Gela Nathaniel, head of Royal Hastings University’s new Multimedia Art course, must find six students from all walks of life across the United Kingdom for her new master’s program before the university cuts her funding. The students are nothing but trouble from day one.
There’s Jem, a talented sculptor recently graduated from her university program and eager to make her mark as an artist at any cost. Jonathan, who has little experience aside from running his family’s gallery. Patrick manages an art supply store, but can barely operate his phone, much less design software. Ludya is a single mother and graphic designer more interested in a paycheck than homework. Cameron is a marketing executive in search of a hobby or a career change. And Alyson, already a successful artist, seems to be overqualified.
When the examiner, the man hired to grade students’ final works sifts through the students’ final essays, texts, and message boards, he becomes convinced that someone is in danger…or already dead.

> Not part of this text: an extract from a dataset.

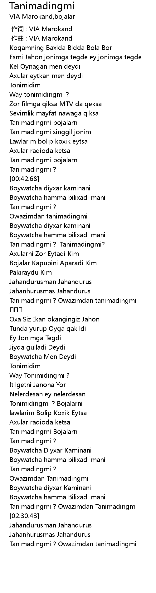 | [02:44.49] | Tanimadingmi ? Owazimdan tanimadingmi |
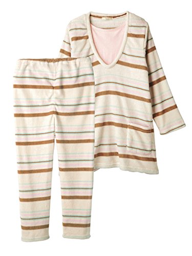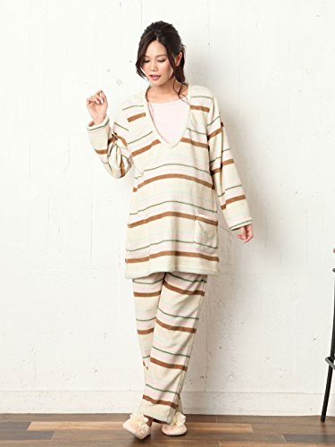 犬印本舗 fairy フェアリー マタニティ パジャマ 授乳口付き フリース ハウスウェア 妊婦服 産前 産後 あったか 長袖 M ~ L クリーム ボーダー 22141 22141202

With her trademark “witty, original” (The New York Times) voice, Janice Hallett weaves a fresh and mind-bending page-turner that will keep you guessing until the final page.
APPLE BOOKS REVIEW
This clever mystery urges you to engage your inner sleuth and join a university examiner in plowing through a messy assortment of electronic documents to determine if a crime has been committed. A financially strapped London university offers a new one-year degree course in commercial multimedia arts to six handpicked but monumentally ill-suited students. The only person who actually seems to belong there is Jem, a talented, spoiled, and ruthlessly ambitious young woman determined to ferret out everyone’s secrets—including why the other students and the instructor are pretending that Alyson, a volatile professional artist, is still showing up at the studio when she clearly hasn’t been there in weeks. A multi-actor cast adds texture and distinction to the characters, and the judicious use of effects—including electronic pings for digital messages and a washed-out sound for an eerie radio message that’s at the heart of the story—transform Janice Hallett’s novel into fully realized audio drama. This is an unreliable-narrator story on overdrive with a wildly complicated plot, and you’ll want to be there for every shocking minute of it.